Spécialiste des arts d’Afrique, d’Asie, d’Océanie et des Amériques, il participe à diverses expositions importantes à travers le monde, en tant que commissaire ou consultant.

Il a notamment conçu et organisé Sculpture africaine en hommage à André Malraux à la villa Médicis en 1986,l’Art des Sculpteurs Taïno, en 1994 au Petit Palais, à la demande de Jacques Chirac et Picasso/Afrique : Etat d’esprit au centre Georges Pompidou en 1995. Il fut par ailleurs expert et consultant de l’exposition du musée d’art moderne de New York, Le Primitisme dans l’art du XXe siècle en 1984, ainsi qu’à Londres lors de l’exposition : Afrique, l’art d’un continent, en 1995.

Il est l’auteur de nombreux articles sur la sculpture, mais aussi sur des artistes modernes et contemporains. Il est notamment le maître d’œuvre d’un ouvrage de référence : L’Art Africain, publié chez Citadelles & Mazenod (1988) avec Jean-Louis Paudrat. Cet ouvrage épuisé vient d’être réédité dans une version réactualisée.

En 1990, il lance un manifeste intitulé : « Les chefs-d’œuvre du monde entier naissent libres et égaux », afin qu’une huitième section au musée du Louvre, consacrée aux arts d’Afrique, d’Asie, d’Océanie et des Amériques, soit créée. Il obtient près de 150 signatures en faveur du projet.
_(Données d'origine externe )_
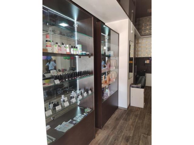 Зона отдыха для клиентов: диван, пуфик, столик журнальный, столик для чаяпития, кофеварка, витрины для продажи с подсветкой, уходы для продажи.
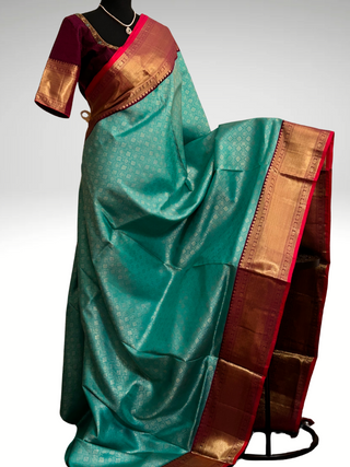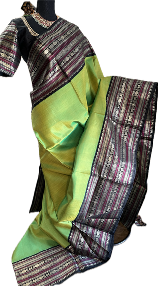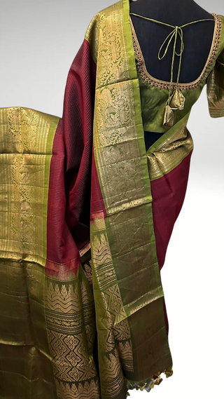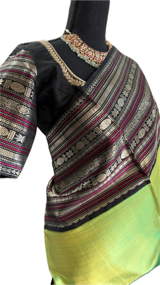 Betalnut Leaf Green Gadwal handwoven silk saree with embroidered stitched blouse
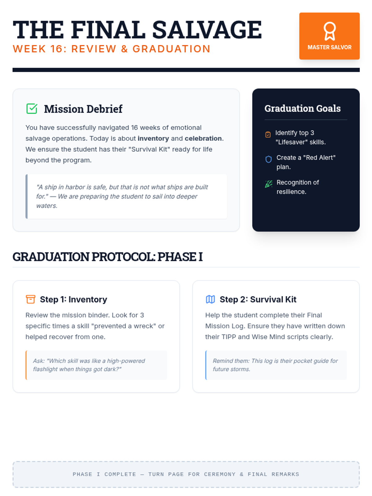 Counselor guide for the final week of the Survival and Salvage DBT program, covering the review of skills, graduation ceremony protocols, and maintenance planning. Revised to fix protocol splitting and layout issues.

En 1996, il est nommé par le Président de la République, Jacques Chirac, à la Commission de Préfiguration de l’établissement public pour le futur musée du quai Branly.

Dès 1997, il assure la sélection puis la muséographie de 120 chefs-d’œuvre d'Afrique, d'Asie, d'Océanie et des Amériques, qui seront exposés au Pavillon des Sessions, du musée du Louvre à partir d’avril 2000. Les arts premiers ont enfin un lieu emblématique qui leur est dédié, en attendant l’ouverture du musée du quai Branly en juin 2006. 

Quelques livres

  • Les chefs d'œuvre du monde entier naissent libres et égaux, éd. Adam Biro, 1990 
  • L'Art africain, éditions Citadelles - Mazenod, 1988 (nouvelle édition revue et augmentée en 2008) 
  • Nature démiurge - insectes, Actes Sud, 2000, (Fondation Cartier pour l'art contemporain), texte d'Ettore Sottsass et photographies de Patrick Gries. Livre édité après l'exposition Être nature; exposition qui est présentée à la Fondation Cartier pour l'art contemporain à Paris en 1998.

       

      Sur le rôle de Jacques Kerchache dans la création du musée du quai Branly :

  • Jacques Kerchache, Portraits croisés, collectif, Gallimard - musée du Quai Branly, 2003
  • Bernard Dupaigne, Le scandale des arts premiers. La véritable histoire du musée du quai Branly, Paris, Mille et une nuits, juin 2006.